*** EXTRACTED DATA ***

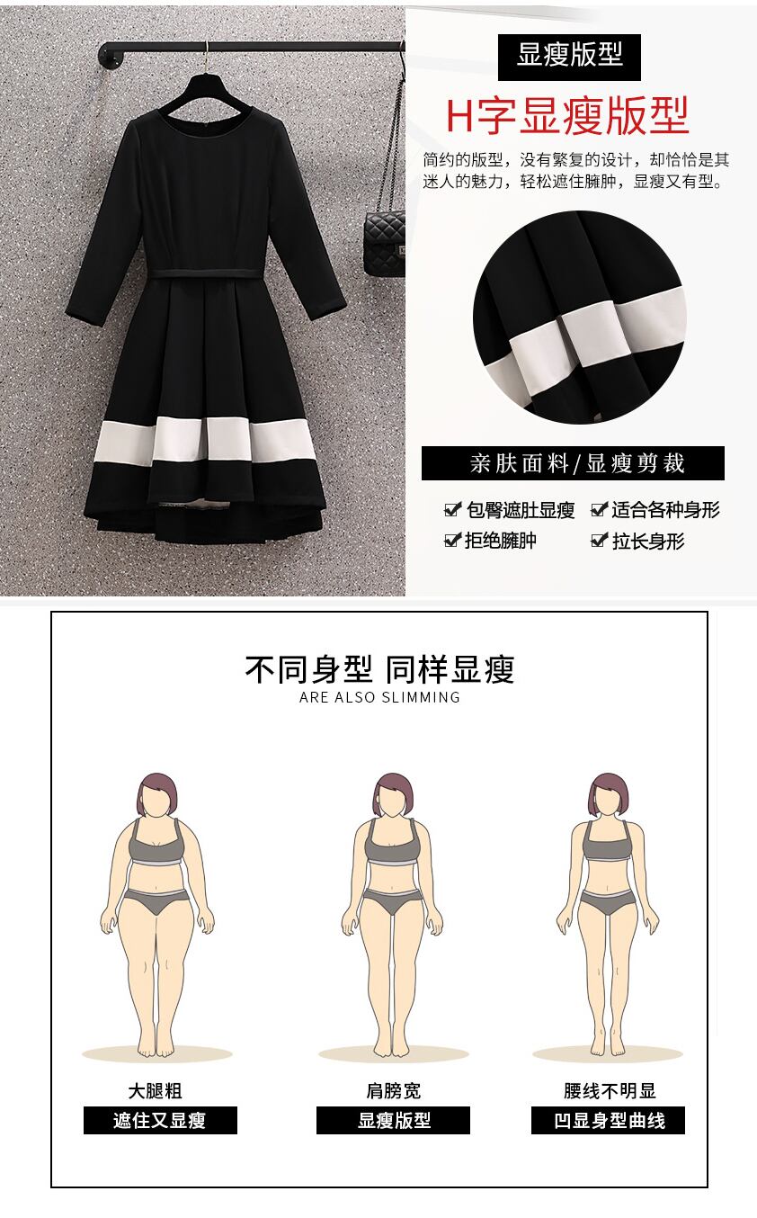 プラスのサイズの婦人服 2023 ファット シスター春の新しい気質スリム ヘップバーン スタイル ミッドレングス a ライン スカート ドレス 大きめサイズ スプリング 春物 Aライン 8884161956518784
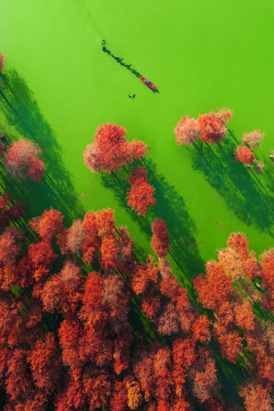 免费木栈道穿梭水杉林,湖面浮萍点缀,春夏翠绿、秋冬红褐;可以步行、骑行,还能沿湖野餐,慢慢逛3小时都不腻。
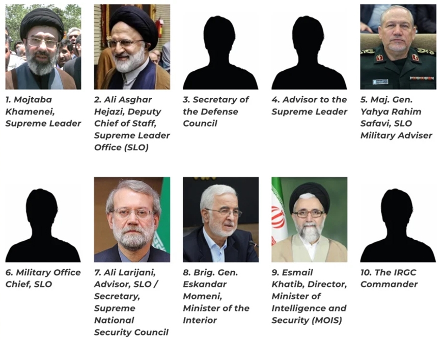 Theo thông báo của Bộ Ngoại giao Mỹ, Nhà Trắng công bố hình ảnh và muốn tìm kiếm thông tin “có giá trị” về các nhân vật kỳ cựu trong nội bộ chính trường Iran hiện nay như Lãnh tụ tối cao Mojtaba Khamenei, Phó chánh Văn phòng Lãnh tụ Tối cao Iran Ali Asghar Hejazi, Cố vấn quân sự cấp cao của Lãnh tụ tối cao Yahya Rahim Safavi, Bộ trưởng Nội vụ Eskandar Momeni, Bộ trưởng Tình báo Esmail Khatib…
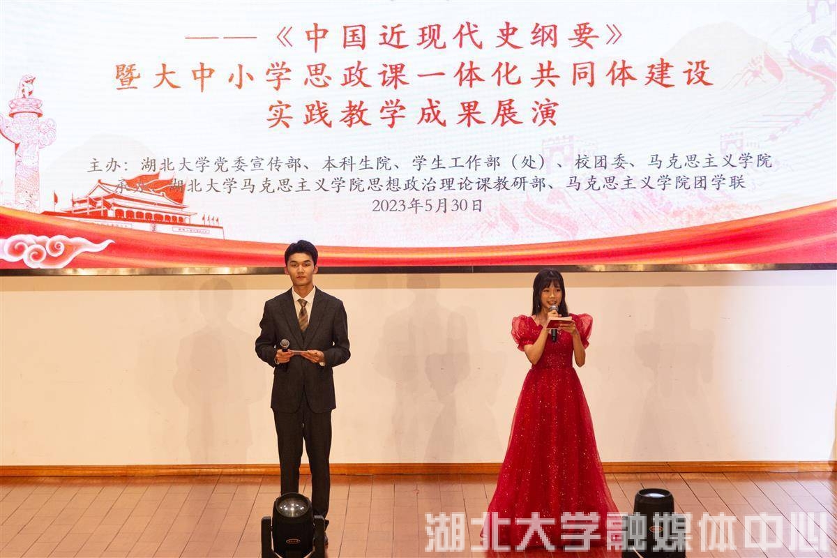 湖北日报讯(通讯员牟梓苓霄、魏雨松)5月30日,beats365唯一官方网站举行《中国近现代史纲要》暨大中小学思政课一体化共同体建设实践教学成果展演。展演活动有情景剧、剪纸、说唱等近10种形式,以2022级学生为主体,让学生们在教学实践活动中增强历史代入感、强国责任感、复兴使命感。
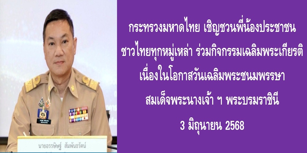นายอรรษิษฐ์ สัมพันธรัตน์ กล่าวเพิ่มเติมว่า ขอเชิญชวนพี่น้องประชาชนชาวไทยทุกหมู่เหล่า ร่วมกิจกรรมเฉลิมพระเกียรติเนื่องในโอกาสวันเฉลิมพระชนมพรรษา สมเด็จพระนางเจ้า ฯ พระบรมราชินี 3 มิถุนายน 2568 ทั้งนี้ สำนักพระราชวัง ได้ประกาศเชิญชวนร่วมลงนามถวายพระพรชัยมงคลผ่านระบบออนไลน์ ที่เว็บไซต์หน่วยราชการในพระองค์ www.royaloffice.th ระหว่างวันที่ 2 – 4 มิถุนายน 2568 เพื่อร่วมกันแสดงออกซึ่งความจงรักภักดีโดยพร้อมเพียงกัน
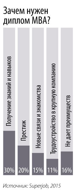 Основное в бизнес-образовании, по мнению руководителей, – получение знаний и навыков, необходимых для успешной работы. Кроме того, каждый пятый уверен, что обладание степенью МВА сулит престиж в глазах работодателя и партнеров по бизнесу. Новые связи и знакомства в бизнес-среде считают главным приобретением 15% опрошенных, а в перспективах трудоустройства в крупную отечественную или зарубежную компанию уверены 11% опрошенных. Между тем HR-специалистов, назвавших диплом МВА конкурентным преимуществом при трудоустройстве на руководящие позиции, – всего 19%.
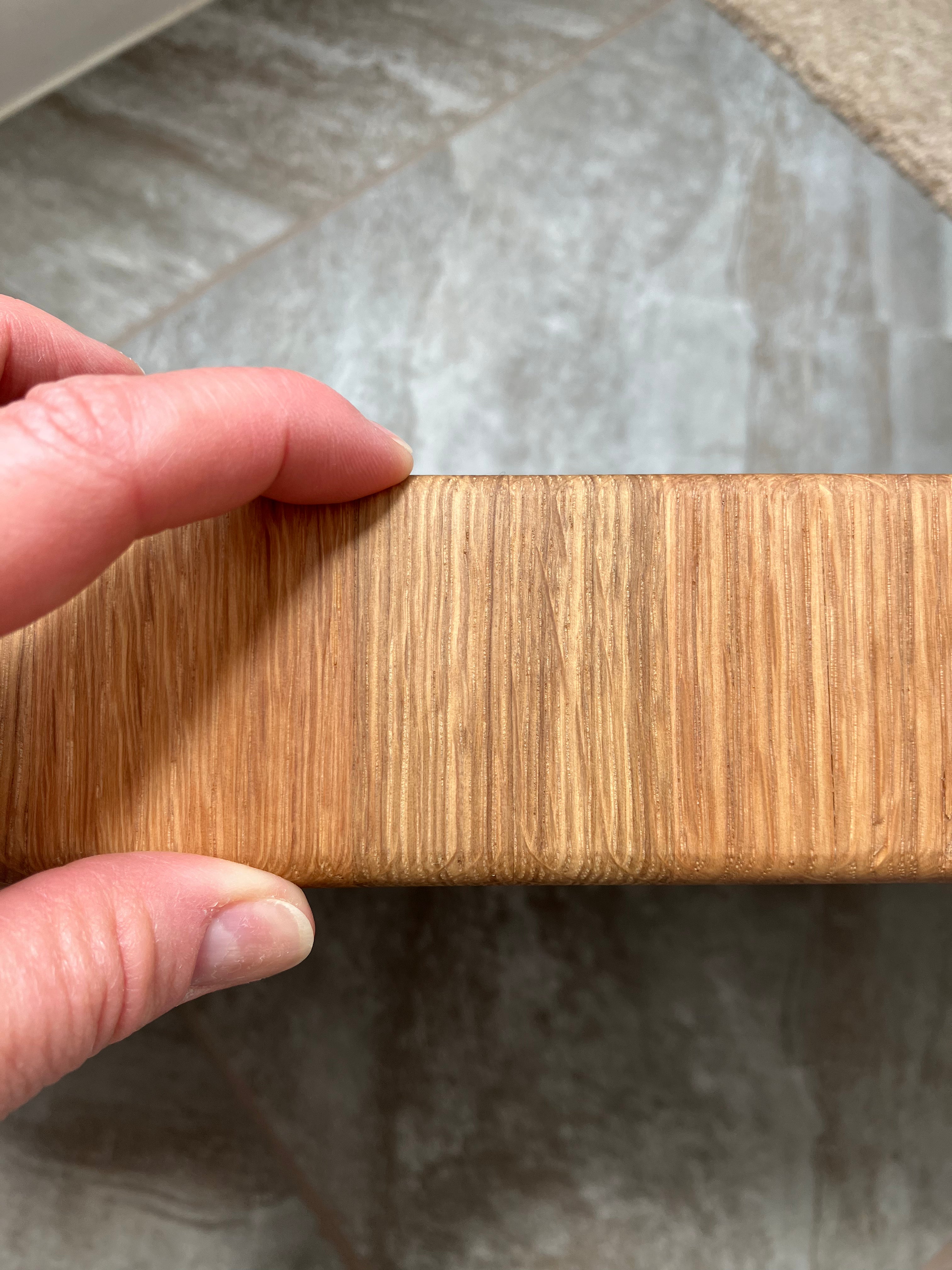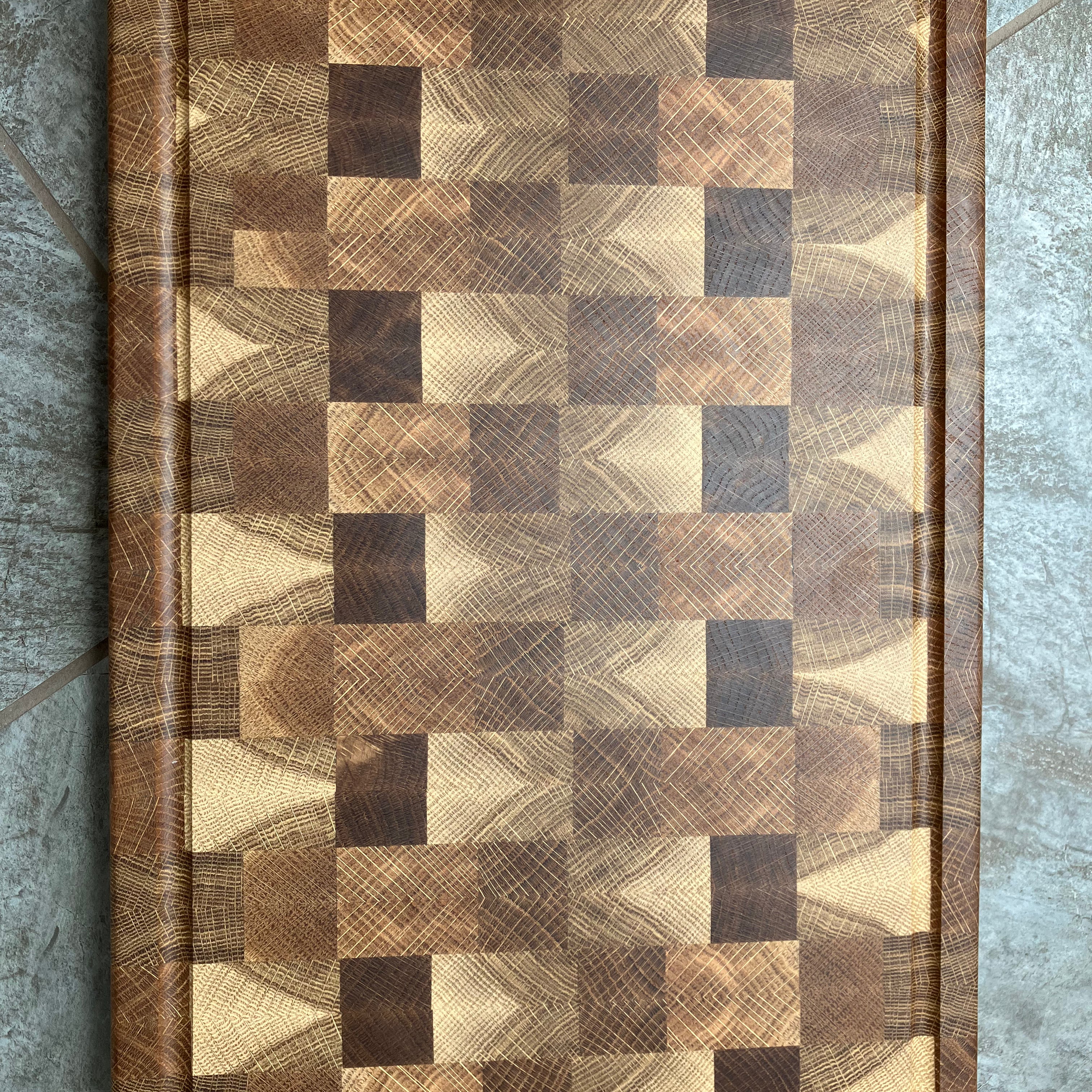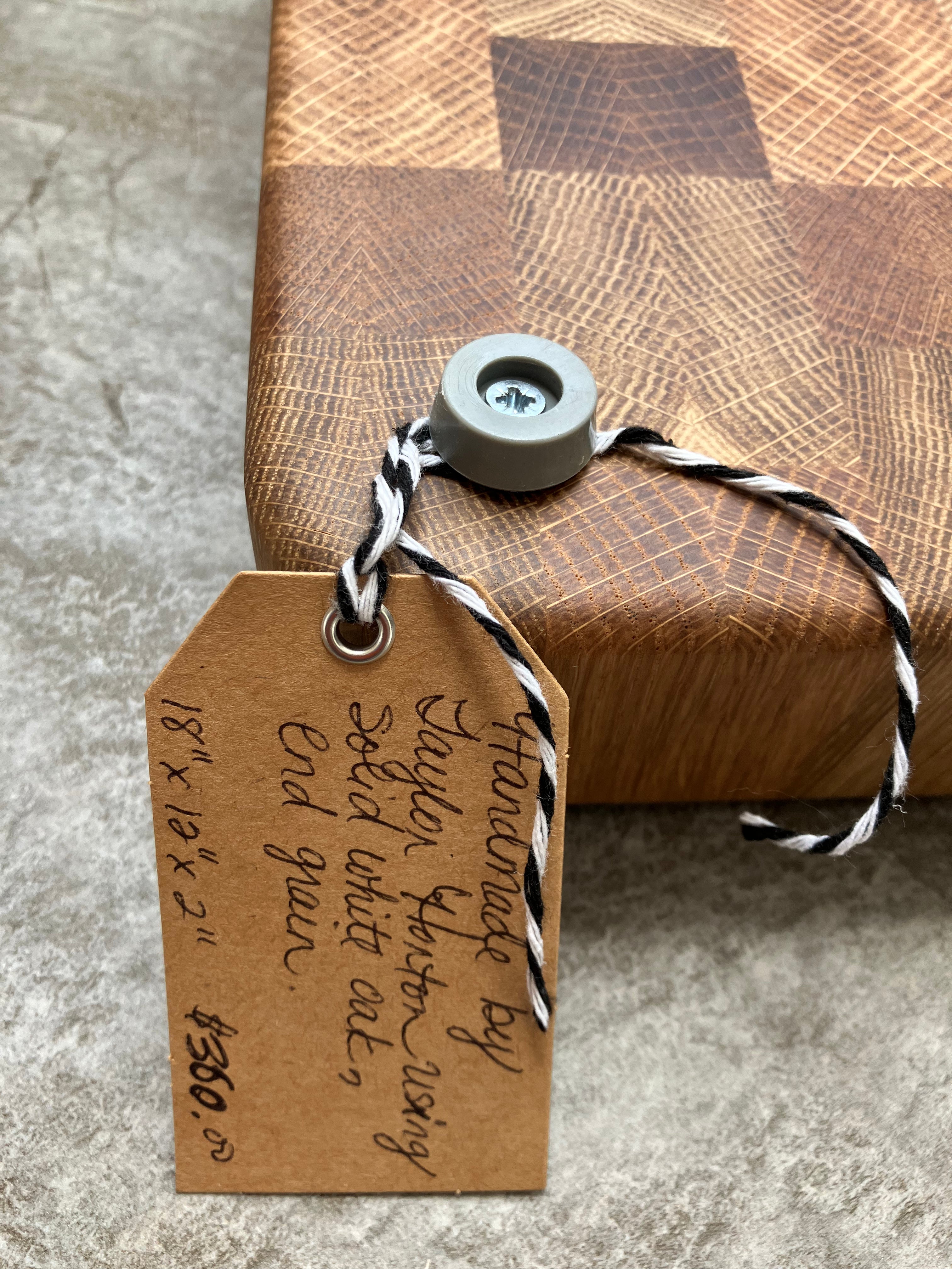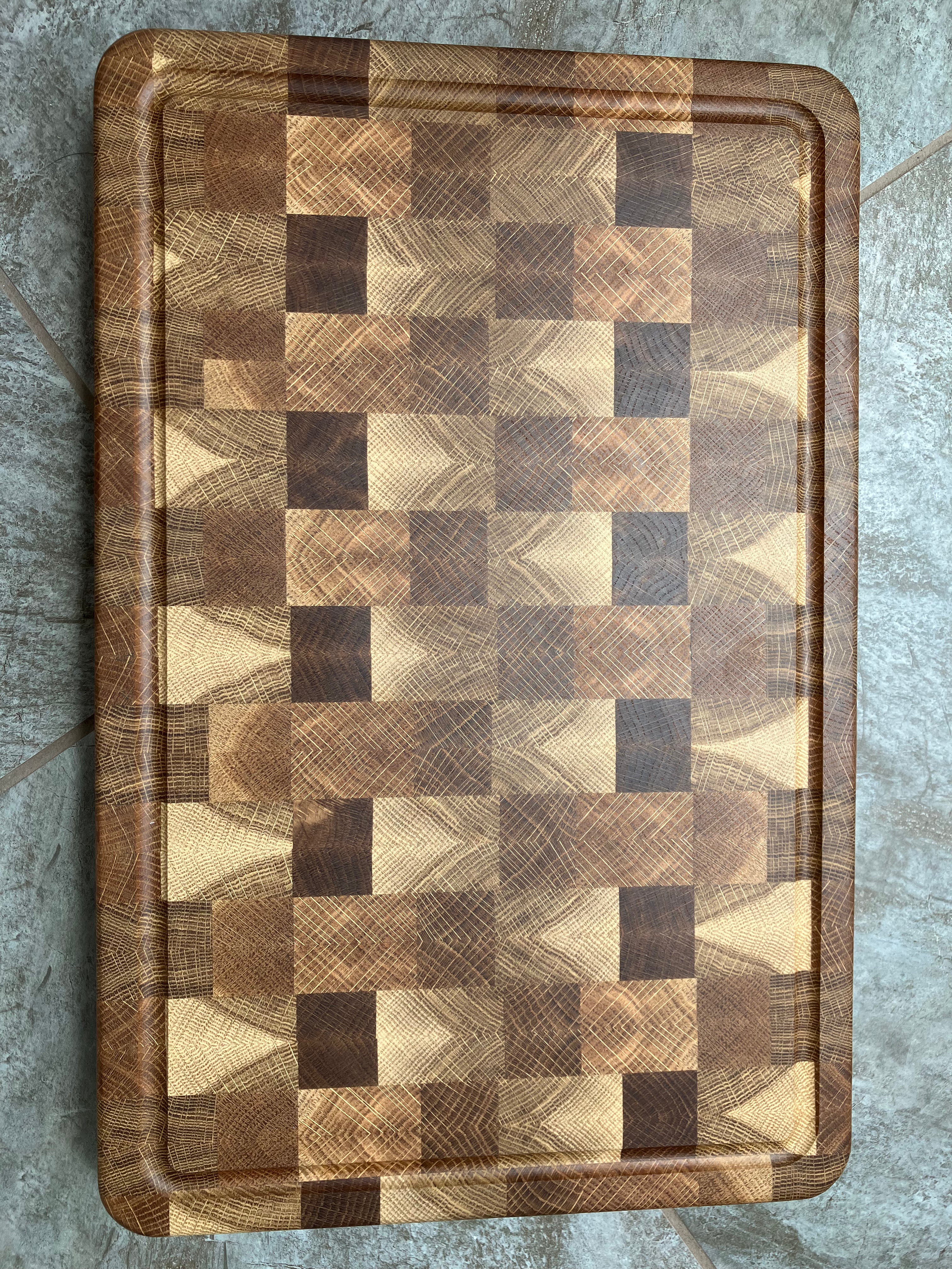 This end grain solid oak wooden cutting board is a handmade, one of a kind piece. Made from high-quality oak, it not only adds a touch of natural beauty to your kitchen, but its end grain construction also allows for better durability and knife protection. Perfect for any cooking or chopping task. This beautiful wooden board can be used as a display for charcuterie, and presented on the table as a serving piece.

*** End of EXTRACTED DATA ***

WORK TO COMPLETE: Copy word for word each line of the data above, from the first through the one containing "Основное в бизнес-образовании, по", and include no pictures.

TASK RESPONSE:
 プラスのサイズの婦人服 2023 ファット シスター春の新しい気質スリム ヘップバーン スタイル ミッドレングス a ライン スカート ドレス 大きめサイズ スプリング 春物 Aライン 8884161956518784
 免费木栈道穿梭水杉林,湖面浮萍点缀,春夏翠绿、秋冬红褐;可以步行、骑行,还能沿湖野餐,慢慢逛3小时都不腻。
 Theo thông báo của Bộ Ngoại giao Mỹ, Nhà Trắng công bố hình ảnh và muốn tìm kiếm thông tin “có giá trị” về các nhân vật kỳ cựu trong nội bộ chính trường Iran hiện nay như Lãnh tụ tối cao Mojtaba Khamenei, Phó chánh Văn phòng Lãnh tụ Tối cao Iran Ali Asghar Hejazi, Cố vấn quân sự cấp cao của Lãnh tụ tối cao Yahya Rahim Safavi, Bộ trưởng Nội vụ Eskandar Momeni, Bộ trưởng Tình báo Esmail Khatib…
 湖北日报讯(通讯员牟梓苓霄、魏雨松)5月30日,beats365唯一官方网站举行《中国近现代史纲要》暨大中小学思政课一体化共同体建设实践教学成果展演。展演活动有情景剧、剪纸、说唱等近10种形式,以2022级学生为主体,让学生们在教学实践活动中增强历史代入感、强国责任感、复兴使命感。
นายอรรษิษฐ์ สัมพันธรัตน์ กล่าวเพิ่มเติมว่า ขอเชิญชวนพี่น้องประชาชนชาวไทยทุกหมู่เหล่า ร่วมกิจกรรมเฉลิมพระเกียรติเนื่องในโอกาสวันเฉลิมพระชนมพรรษา สมเด็จพระนางเจ้า ฯ พระบรมราชินี 3 มิถุนายน 2568 ทั้งนี้ สำนักพระราชวัง ได้ประกาศเชิญชวนร่วมลงนามถวายพระพรชัยมงคลผ่านระบบออนไลน์ ที่เว็บไซต์หน่วยราชการในพระองค์ www.royaloffice.th ระหว่างวันที่ 2 – 4 มิถุนายน 2568 เพื่อร่วมกันแสดงออกซึ่งความจงรักภักดีโดยพร้อมเพียงกัน
 Основное в бизнес-образовании, по мнению руководителей, – получение знаний и навыков, необходимых для успешной работы. Кроме того, каждый пятый уверен, что обладание степенью МВА сулит престиж в глазах работодателя и партнеров по бизнесу. Новые связи и знакомства в бизнес-среде считают главным приобретением 15% опрошенных, а в перспективах трудоустройства в крупную отечественную или зарубежную компанию уверены 11% опрошенных. Между тем HR-специалистов, назвавших диплом МВА конкурентным преимуществом при трудоустройстве на руководящие позиции, – всего 19%.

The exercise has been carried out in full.